Just like the lottery can promise instant wealth to those who win, or the promise of exorbitant pensions in the future in exchange for a contract settlement today, higher taxes in the future may result from , the lottery, future pension costs, and legalized gambling.
Lets start with a state run lottery program. Lottery winners in the first year who take their money over the next 20 years create a false profit margin for the state in the first year of operation. While year one of a lottery program will produce high traffic and minimal payouts, by year twenty the lottery program is now paying out 20 years worth of winners, not one year's worth, while still taking in approximately the same amount of money as in year one!

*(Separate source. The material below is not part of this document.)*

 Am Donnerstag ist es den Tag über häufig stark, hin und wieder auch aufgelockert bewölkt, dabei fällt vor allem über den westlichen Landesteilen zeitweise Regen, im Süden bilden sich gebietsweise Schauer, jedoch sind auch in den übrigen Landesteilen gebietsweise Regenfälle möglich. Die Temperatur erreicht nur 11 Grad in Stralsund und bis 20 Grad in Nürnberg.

Some may argue, "the lottery has more winners in the first year because they have no other obligations". Well, that just means the lottery is a bait and switch in which the number of winners is kept artificially high the first few years to lure people in and addict them, and then it is switched to a lower overall payout as more and more winners have to be paid on an annual basis.
So the lottery starts off with a bang in year one, and ends up as a whimper in terms of what the state gets as the years pass.

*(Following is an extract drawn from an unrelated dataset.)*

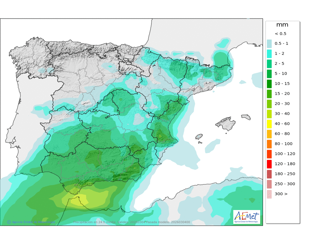 Elaboración de la predicción por la AEMET y el servicio de alerta meteorológica en Europa. (última actualización: 2026-03-04T15:41:06)

But it's worst than that! The lottery money in California was pledged to go towards public education and only public education, yet politicians allocate the lottery money to public education to help meet the yearly budget obligation. In essence, the lottery money becomes a yearly foundational part of the budget rather than as a "bonus". This then allows politicians to then siphon other pre-allocated public education monies, elsewhere, while making it look like the lotto money actually went to public education.

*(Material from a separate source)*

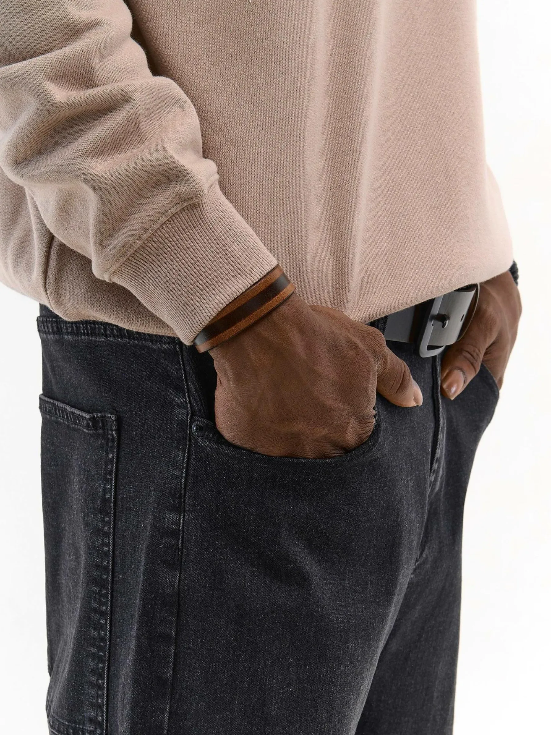 Kolor: brązowyTyp: bransoletkaPattern style: pojedynczy kolorDetal: na snapy, z paskiemMateriał: sztuczna skóraPłeć…

It appears that most state pension plans will require down the road tax increases or they cannot honor those pensions. Making a promise today, in exchange for the requirement of a future tax increase, seems unethical to me.
Elements of both how the lottery works and how future state pensions are funded may be present when it comes to legalized gambling.
Gambling can only sustain itself if it creates consumer debt among the participants. Consumer debt that requires time to pay off results in more and more interest rate profits going to the banks, and not the city. With each passing year, the citizens of a city or state must incur a bigger and bigger debt for the gambling facility to remain profitable, and this means that with each passing year those same debtors will have less and less spendable income to spend in their own cities and within their own states while more and more INTEREST RATE CHARGES are going to the banks.
Yes, that gambling entity will presumably pay their own share of state taxes, but it still appears to be a one for two state tax trade off. Even if the casino pays state taxes, the consumers who frequent the casino will have an ever shrinking money supply to pay their own debts, and in turn, they will CUT DOWN on the purchases they make at other local stores THAT ALSO PAY STATE TAXES.
One way that gambling's overall harm to a city or state's future tax base could be minimized is if each citizen was assessed a maximum amount of debt they could incur that is based on their income. If the citizen agrees to never go over that assessed maximum debt, and the associated interest rate on that debt would have to be well under 10%, then legalized gambling might not be an economic drain.
Does this mean I am against Las Vegas? Not at all. I think its fine to define gambling as something one does as a "vacation". But when gambling locations start to spring up in every state, and gambling centers become so close to most americans that they can visit a gambling location within an hour's drive, in my opinion that potential gambling habit will ultimately hurt a state's revenue stream, not help it.